The not irrelevant point was made that, whereas prominent members of Fianna Fáil were demoted because of traffic offences, there were no sanctions on Vlad, even though he had revealed to his medical mates confidential information on future pay and conditions for doctors.
‘Why didn’t Varadkar apologise and say that what he did was wrong?’ was the swipe thrown at Our Mickey.
And, if things weren’t bad enough, the Sinn Féin finance spokesperson, Pearse Doherty, drew attention to Vlad’s ‘tone deafness’ just when pay increases for TDs were under consideration. He told RTÉ radio that ‘TDs were being paid over €90,000 while ten special advisers on a salary of €67,000 each were being appointed.
‘Between the three party leaders, there are 17 advisors, and that’s before you count media people. Sinn Féin was not saying there shouldn’t be special advisers, but there did not need to be so many.’ Serious stuff!
On the road
Those people using the Cork-Limerick Road dice with death. According to HSE figures, ambulances are called to accidents once every week on average. ‘It’s a very dangerous road,’ say local politicos, but now plans for a motorway, the M20, are in the pipeline and it is hoped that, by 2023, a proposed route and design will have come before An Bord Pleanála.

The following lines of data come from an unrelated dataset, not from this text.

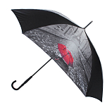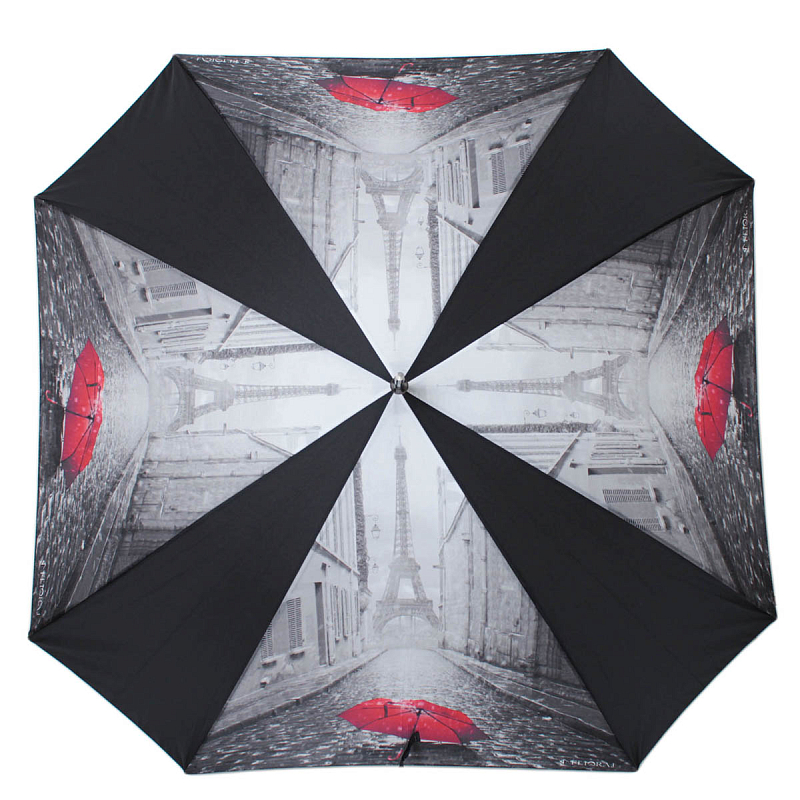 Зонт-трость, полуавтомат, диаметр купола 120 см, восемь спиц, прорезиненная ручка в форме крюка, вес 400 грамм.
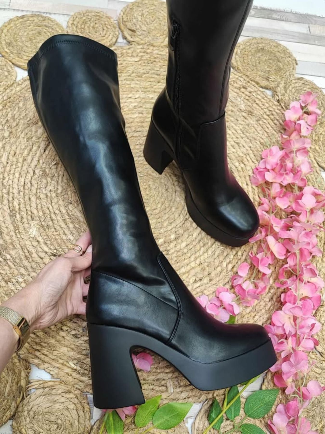 Botas de polipiel un poco elasticas.
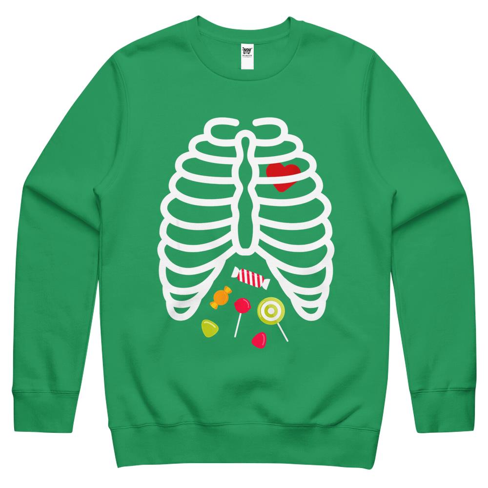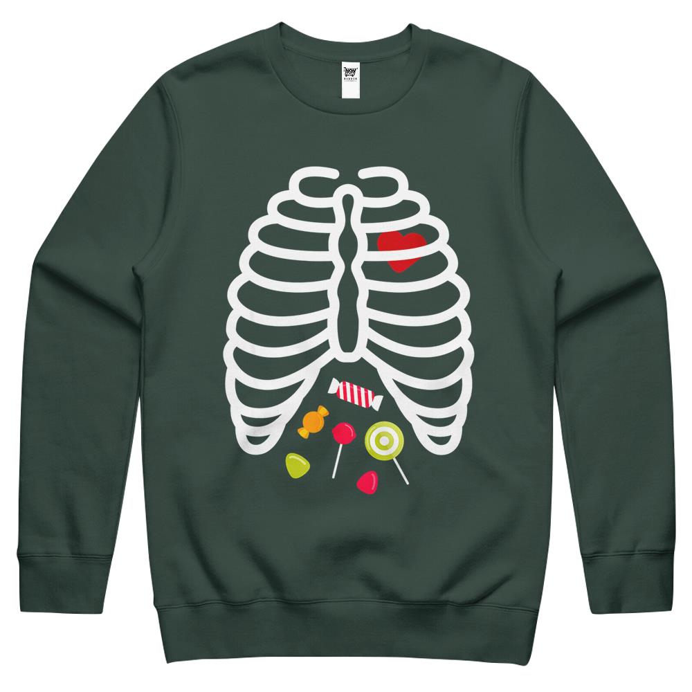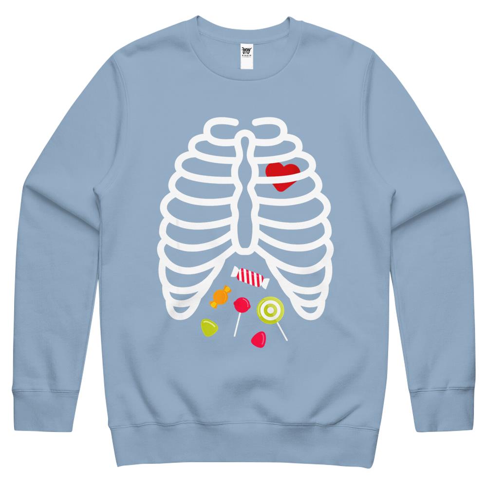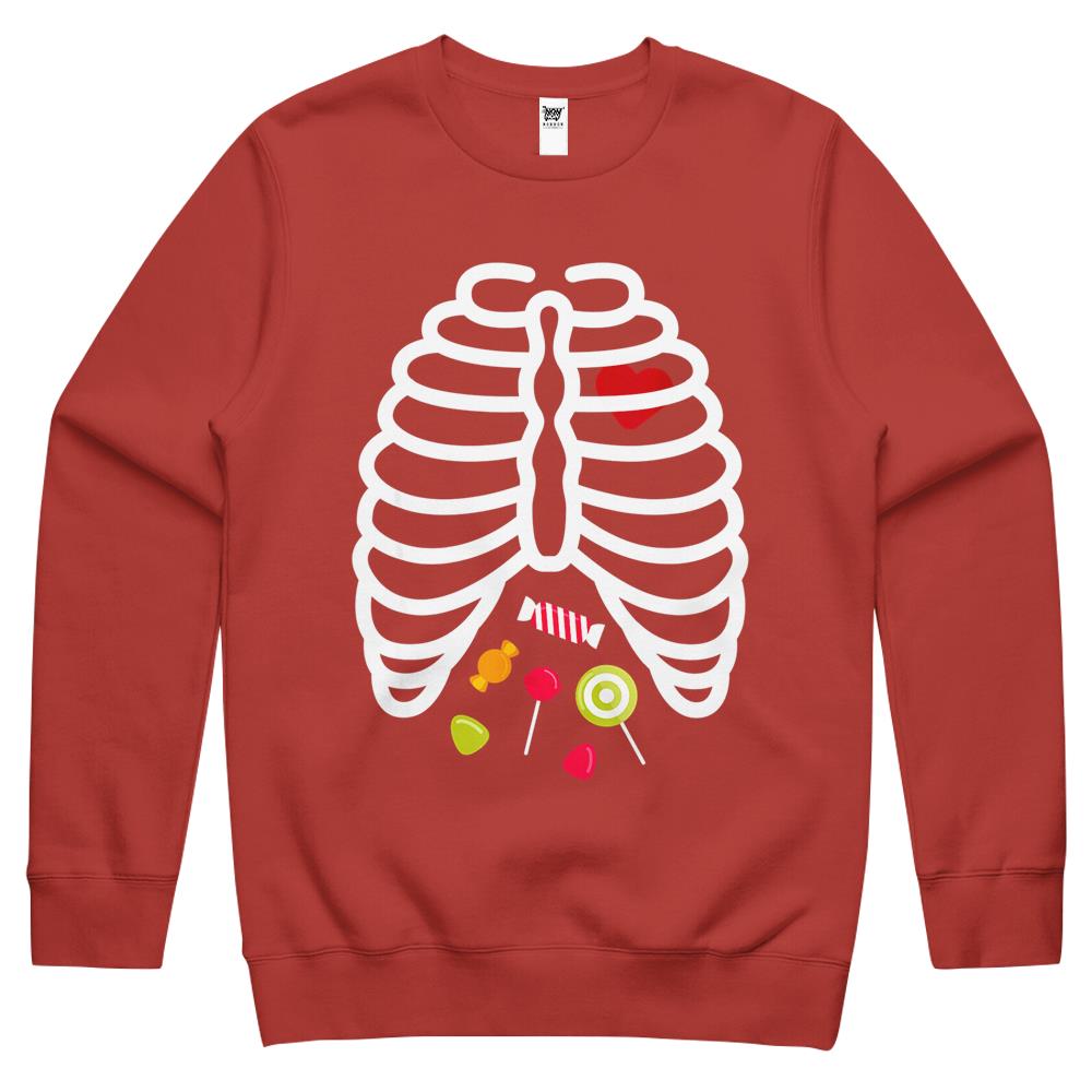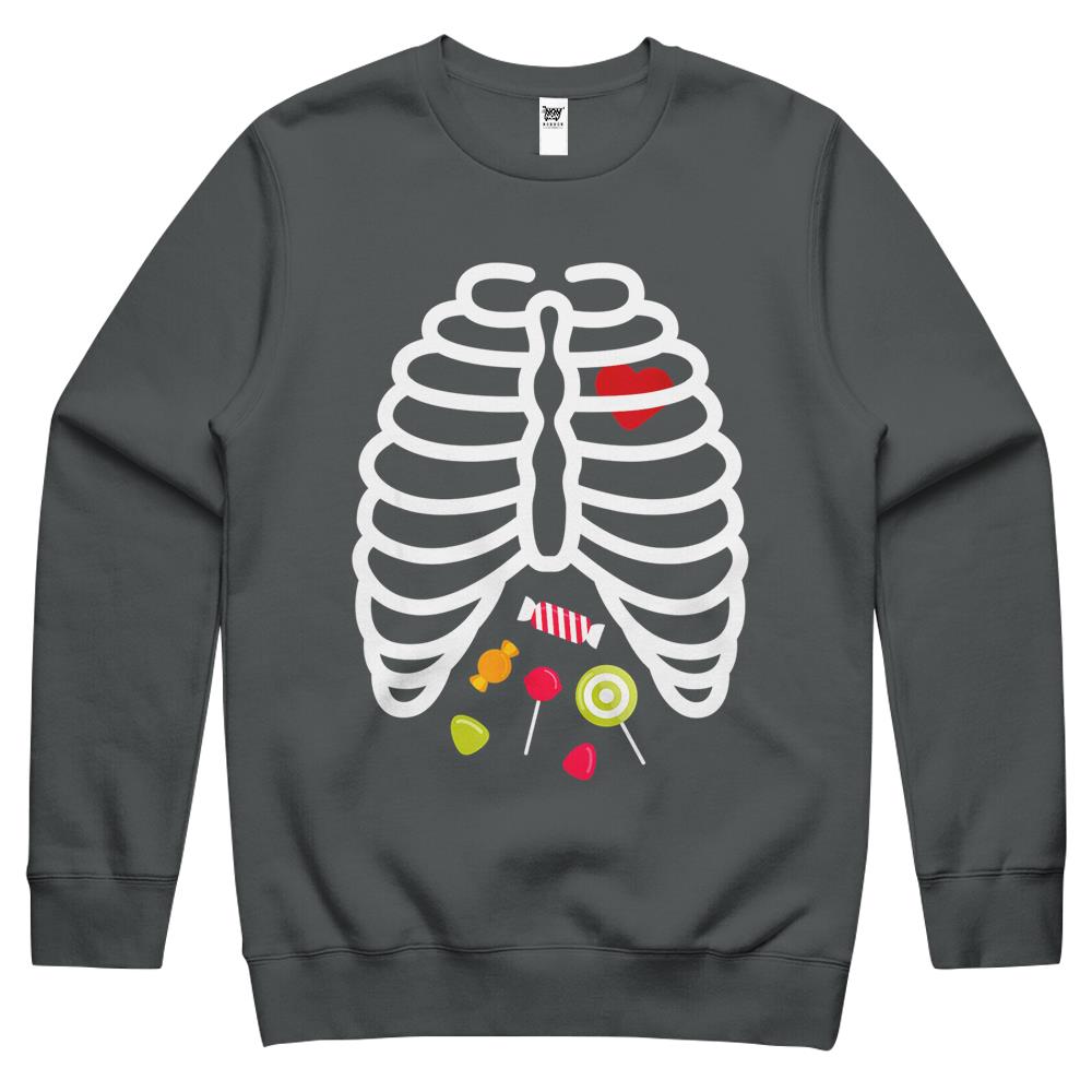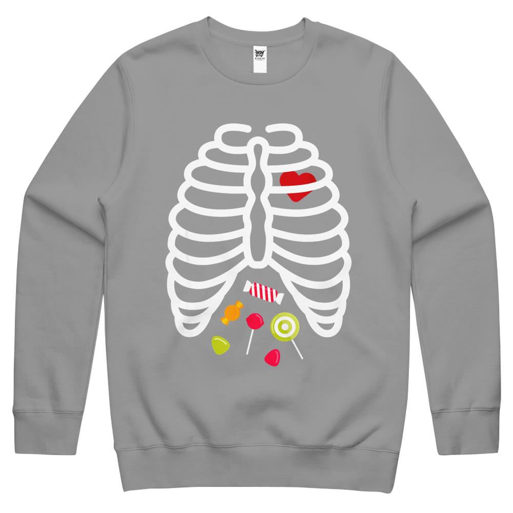 Halloween Crewneck Sweatshirt, Halloween Shirts For Women Men, Halloween Crewneck Sweatshirt, Skeleton Rib Cage Heart Candy Cute Shirt Adult Crewneck Sweatshirt

A best-case scenario for a completion date is 2027. But the Greenies already are girding their loins for a raft of objections.
Indeed, Greenie-in-chief, Eamo’ Ryan thinks the proposed motorway makes no sense. Rather than developing roads, investment should be in public transport, said the Dubliner.
Which, of course, will include use of the ‘high-nelly,’ hitch-hiking, walking, air balloons, roller-skates, space transport and, of course, the traditional donkey and cart. The Greenies: dontcha love ‘em!
So-called spit hoods are used by An Garda Síochána to deal with people who spit or cough at members of the force.
Basically they are full hoods placed over a person’s head and already the Irish Council for Civil Liberties has stated that human rights law on torture means that their use can never be acceptable.
Which, of course, will wipe out some awful jokes. Such as the Garda warning given to spitting suspects: ‘You’ve gob to stop!’
Or the one about spit hoods being donated to the Salivation Army!